To do this we need stronger immutability and data-race guarantees than what has been implied by the historic mechanisms (GIL for example), even as the Python community has always tried to avoid the need to write a full memory specification. And this would likely mean large incompatible changes to how (pure Python) libraries are currently written.

Subinterpreter isolation and free-threading by themselves are not yet the Python 4 moment as some may have hyped, but the programming model changes to prefer their use will likely be. Right now they are an implementation detail of CPython (not the Python language itself), but deep immutability is proposing a language change. It is up to the community to decide whether the benefits will be worth the costs. For now we should experiment more with use cases of subinterpreter isolation and free-threading to see what we really need before setting off for the biggest changes.

1 Like

One question too: have you all contacted @eric.snow ? I recall him talking about a plan to expand cross-interpreter sharing.

2 Likes

Thanks! Yes we have been talking to Eric about this for close two 2 years.

1 Like

That overview seems to be "Subinterpreters will be able to share objects.
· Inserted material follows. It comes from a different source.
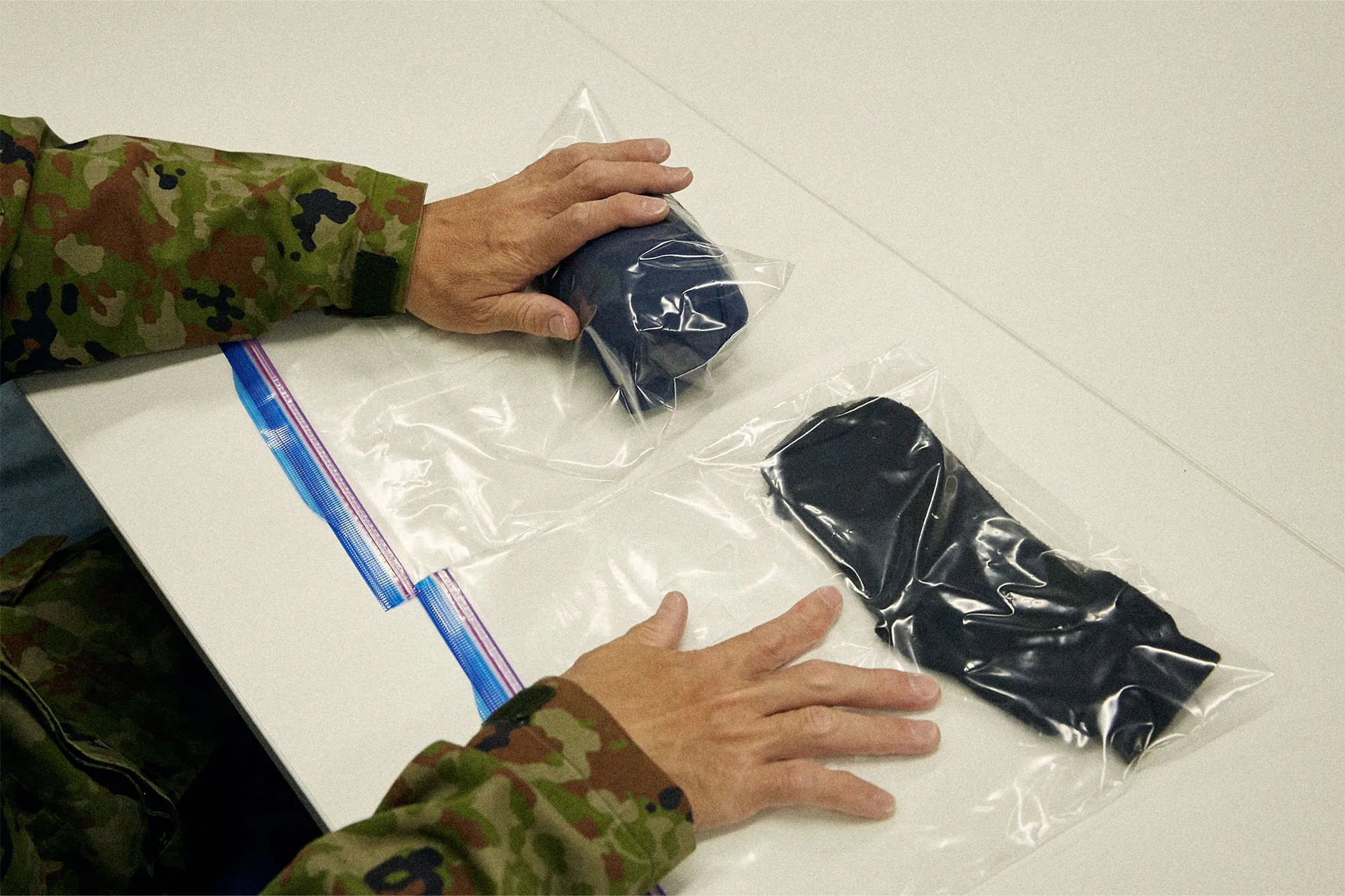 「自衛隊では、衣類の水濡れを防ぐため、衣類を一枚ずつジッパー付き保存袋に入れ、それを一日ぶんごとにまとめてさらに袋に入れて、さらに大きな防水袋に収納します。野外で長期行動するとき、濡れた服は寒い時期は低体温症や凍傷、暑い時期は体力の消耗につながるため、防水対策は重要です」(根本)

Yes. PEP795 will make this possible for immutable objects. In the long run, we aim to make also mutable objects sharable, using the regions concept.

And the per-subinterpreter GIL can be removed. (I’m not 100% sure if the second point is true).

No, the per-subinterpreter GIL will remain. Removing them is not necessary as parallelism happens because there are multiple subinterpreters.

How does this approach compare with the approaches that have been discussed during the evolution of the subinterpreter feature (CSP-like mechanisms, queues, etc)? How does this compare with the current intentions for improving sharing with subinterpreters?

To the best of my knowledge, we complement and improve these efforts by permitting them to do what they want more efficiently (for immutable objects in PEP795).

How will this affect C extensions?

Since support for immutability is opt-in, authors of C extensions don’t need to do anything unless they want to support immutability. In that case, a C extension needs to perform immutability checks if there is state in the extension or ensure that the state can be safely manipulated across multiple subinterpreters and/or threads. A C extension that is stateless just has to state that it is safe to freeze.

There’s also the questions from this thread which are still unanswered:

Thank for the reminder. I will answer those in a separate post to avoid hiding them here.

1 Like

I am working through the backlog of unanswered questions. This will likely take some more days. Feel free to raise questions again if you feel I misunderstood of if you think I have missed some question. (I find it hard to get an overview of this thread to be honest.)

Let me answer a question about escape hatches for immutability which is related to concerns about the strictness of PEP795.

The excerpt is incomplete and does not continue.